Listed records:
========

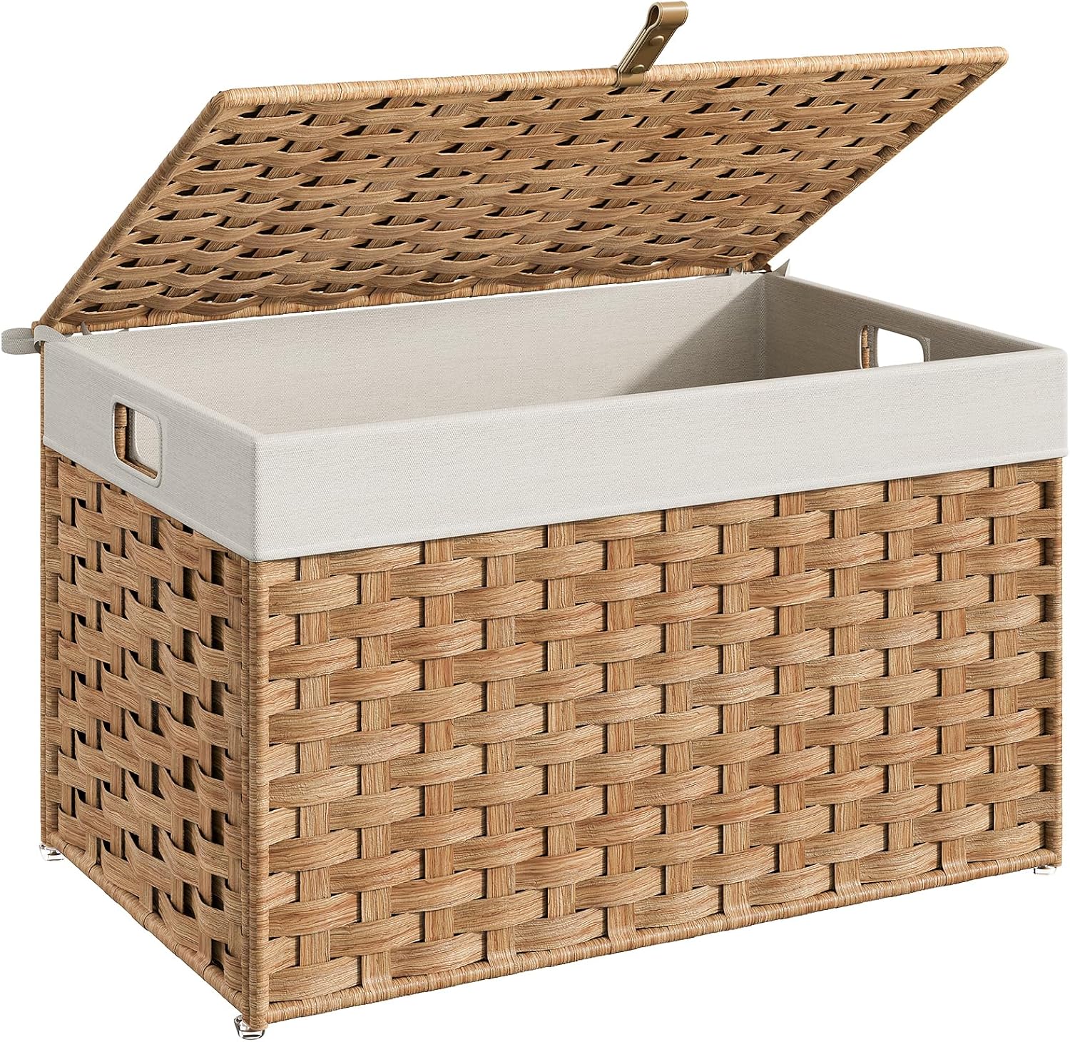 - Thoughtful and Convenient: The storage basket's lid has a PU handle for a comfortable grip. Non-slip foot nails prevent sliding and protect the floor. The hollow-out handles on the sides make it easy to move and reposition
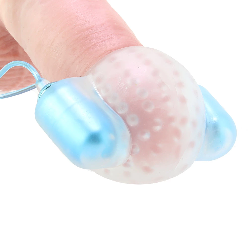 Fitting snugly and completely over the tip of the penis, the Teaser’s design places two super-powered little bullet vibes on either side of your/their sensitive head. Supple and soft, the textured, transparent blue sheath stays in place easily to enhance (or take over for) manual masturbation. A slim wired emote varies the intensity of the bullets. Pass it off to a mate or keep it all to yourself
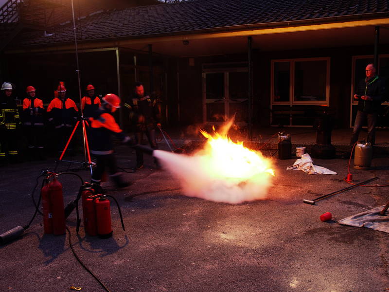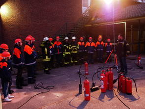 Am letzten Dienstag war die Firma H.-J. van Heesch Feuerschutz GmbH bei den Jugendlichen der Jugendfeuerwehr zu Gast. Vorgestellt wurden verschiedene Brandarten, deren Brandverhalten und mögliche Methoden zur Brandbekämpfung. Selbstverständlich hatte jeder Jugendliche dabei auch die Möglichkeit selber eine Brandbekämpfung mit Feuerlöschern durchzuführen. Das Highlight war dann ein Fettbrand, der versucht wurde, mit Wasser zu löschen sowie die daraus folgende "Fettexplosion".
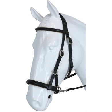 F.R.A. bitloos systeem 3: bitloze optomingen zijn niet nieuw! Eeuwenlang werd een bitloze optoming als vanzelfsprekend ervaren, voordat er ooit aan werd gedacht iets in de mond van het paard te stoppen legde de mens er simpelweg iets omheen. Een touw als halster was destijds voldoende en zo ontstond de eerste bitloze optoming. In combinatie met de ondersteunende gewichts-,been- en gevoelshulpen onderhoudt de ruiterhand via de teugels kontakt, niet met de mond, maar met het hoofd van het paard. Werkingsprincipe: druk op neus èn wangen, directe teugelvoering. Bouw: In systeem 3 kunnen we naast de F.R.A.® sidepull ook de diverse F.R.A.® knoophalsters onderbrengen. Sidepull: De lederen neusriem van deze eenvoudige optoming eindigt op beide wangen in een ring waaraan de kinriem en het bakstuk worden bevestigd. Aan een tweede ring op dezelfde plaats worden de teugels bevestigd hetgeen de teugelvoering verfijnt. Schuin verbindt een klein lederen riempje de neusriem nog eens extra met het bakstuk, dat houdt de neusriem netjes op zijn plaats en geeft de ruiter de mogelijkheid druk op de wang uit te oefenen.
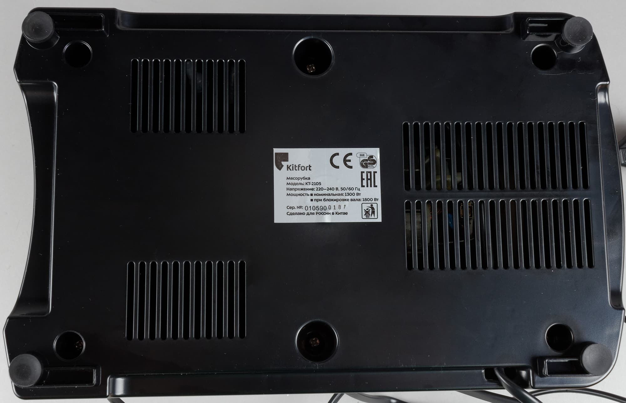 На нижней стороне моторного блока имеются четыре прорезиненные ножки, вентиляционные отверстия и наклейка с названием модели, краткими техническими характеристиками, серийным номером и указанием страны-производителя.
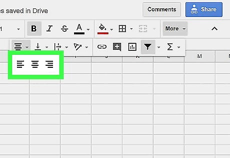 Click an alignment option. The text within the selected cell(s) now follow that alignment.
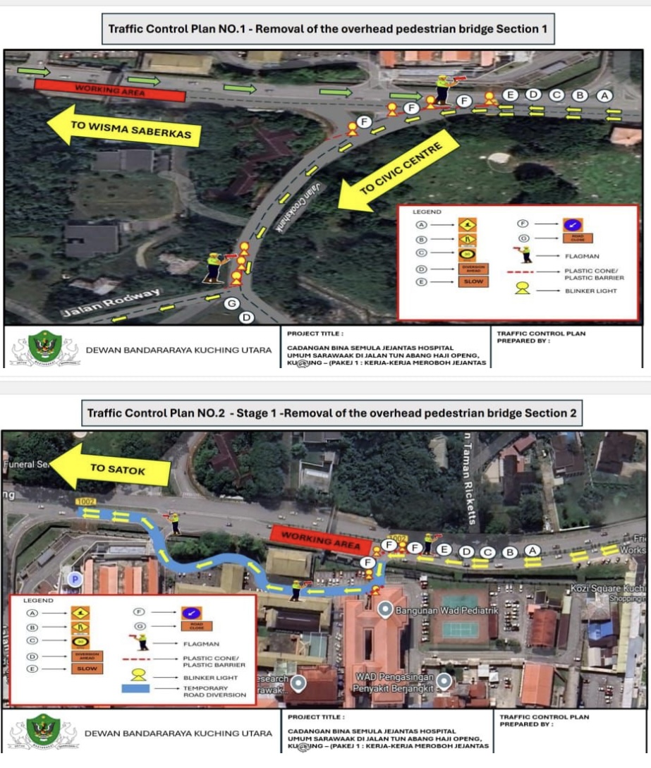 Ini sebagai sebahagian projek Cadangan Bina Semula Jejantas Hospital Umum Sarawak (Pakej 1: Kerja-Kerja Meroboh Jejantas).
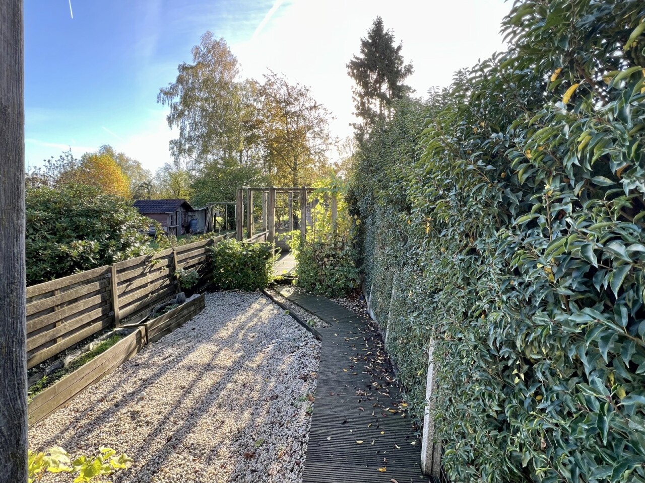 Er is een afzonderlijke gang aanwezig, die toegang geeft tot de woning en de tuin.
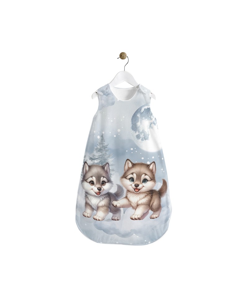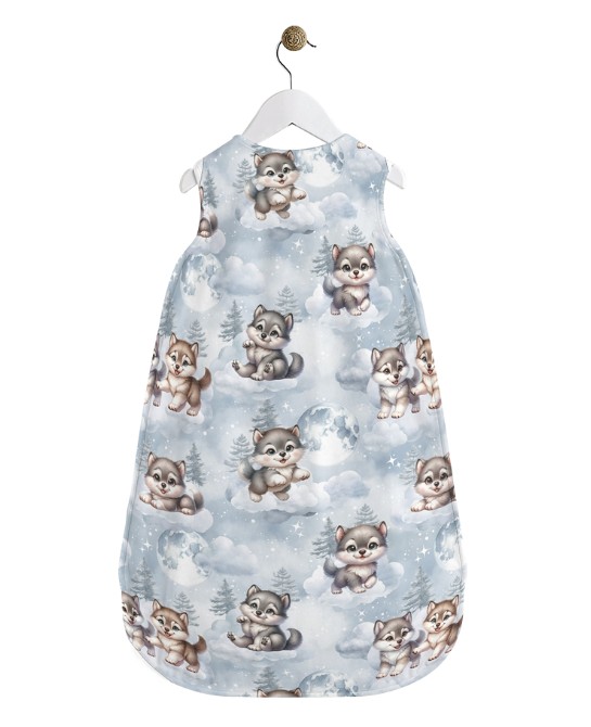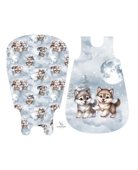 Créez une gigoteuse unique et pleine de douceur avec notre panneau Petit Loup, spécialement conçu pour la couture DIY. Ce motif aquarelle délicat met en scène de tendres petits loups aux expressions attendrissantes, évoluant sur des nuages sous une lune apaisante. Les teintes douces de gris perle, bleu ciel et blanc créent une atmosphère calme et rassurante, idéale pour le sommeil de bébé.
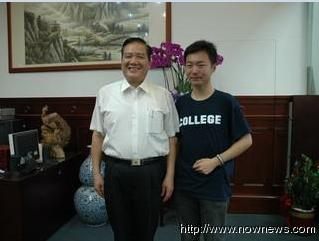 北大三年级学生刘凯约访新竹市长许明财。图片来源:台湾今日新闻网
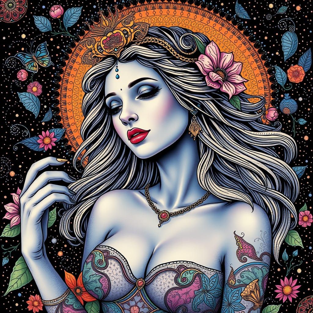 A digital rendering of Aphrodite as an elemental spirit. The artwork features psychedelic colors, elegant botanical zentangle patterns and thin lines in a Kandinsky style.

========

Exercise directions:
Your copy should match the records above exactly, except that it contains no pictures.

Written solution:
 - Thoughtful and Convenient: The storage basket's lid has a PU handle for a comfortable grip. Non-slip foot nails prevent sliding and protect the floor. The hollow-out handles on the sides make it easy to move and reposition
 Fitting snugly and completely over the tip of the penis, the Teaser’s design places two super-powered little bullet vibes on either side of your/their sensitive head. Supple and soft, the textured, transparent blue sheath stays in place easily to enhance (or take over for) manual masturbation. A slim wired emote varies the intensity of the bullets. Pass it off to a mate or keep it all to yourself
 Am letzten Dienstag war die Firma H.-J. van Heesch Feuerschutz GmbH bei den Jugendlichen der Jugendfeuerwehr zu Gast. Vorgestellt wurden verschiedene Brandarten, deren Brandverhalten und mögliche Methoden zur Brandbekämpfung. Selbstverständlich hatte jeder Jugendliche dabei auch die Möglichkeit selber eine Brandbekämpfung mit Feuerlöschern durchzuführen. Das Highlight war dann ein Fettbrand, der versucht wurde, mit Wasser zu löschen sowie die daraus folgende "Fettexplosion".
 F.R.A. bitloos systeem 3: bitloze optomingen zijn niet nieuw! Eeuwenlang werd een bitloze optoming als vanzelfsprekend ervaren, voordat er ooit aan werd gedacht iets in de mond van het paard te stoppen legde de mens er simpelweg iets omheen. Een touw als halster was destijds voldoende en zo ontstond de eerste bitloze optoming. In combinatie met de ondersteunende gewichts-,been- en gevoelshulpen onderhoudt de ruiterhand via de teugels kontakt, niet met de mond, maar met het hoofd van het paard. Werkingsprincipe: druk op neus èn wangen, directe teugelvoering. Bouw: In systeem 3 kunnen we naast de F.R.A.® sidepull ook de diverse F.R.A.® knoophalsters onderbrengen. Sidepull: De lederen neusriem van deze eenvoudige optoming eindigt op beide wangen in een ring waaraan de kinriem en het bakstuk worden bevestigd. Aan een tweede ring op dezelfde plaats worden de teugels bevestigd hetgeen de teugelvoering verfijnt. Schuin verbindt een klein lederen riempje de neusriem nog eens extra met het bakstuk, dat houdt de neusriem netjes op zijn plaats en geeft de ruiter de mogelijkheid druk op de wang uit te oefenen.
 На нижней стороне моторного блока имеются четыре прорезиненные ножки, вентиляционные отверстия и наклейка с названием модели, краткими техническими характеристиками, серийным номером и указанием страны-производителя.
 Click an alignment option. The text within the selected cell(s) now follow that alignment.
 Ini sebagai sebahagian projek Cadangan Bina Semula Jejantas Hospital Umum Sarawak (Pakej 1: Kerja-Kerja Meroboh Jejantas).
 Er is een afzonderlijke gang aanwezig, die toegang geeft tot de woning en de tuin.
 Créez une gigoteuse unique et pleine de douceur avec notre panneau Petit Loup, spécialement conçu pour la couture DIY. Ce motif aquarelle délicat met en scène de tendres petits loups aux expressions attendrissantes, évoluant sur des nuages sous une lune apaisante. Les teintes douces de gris perle, bleu ciel et blanc créent une atmosphère calme et rassurante, idéale pour le sommeil de bébé.
 北大三年级学生刘凯约访新竹市长许明财。图片来源:台湾今日新闻网
 A digital rendering of Aphrodite as an elemental spirit. The artwork features psychedelic colors, elegant botanical zentangle patterns and thin lines in a Kandinsky style.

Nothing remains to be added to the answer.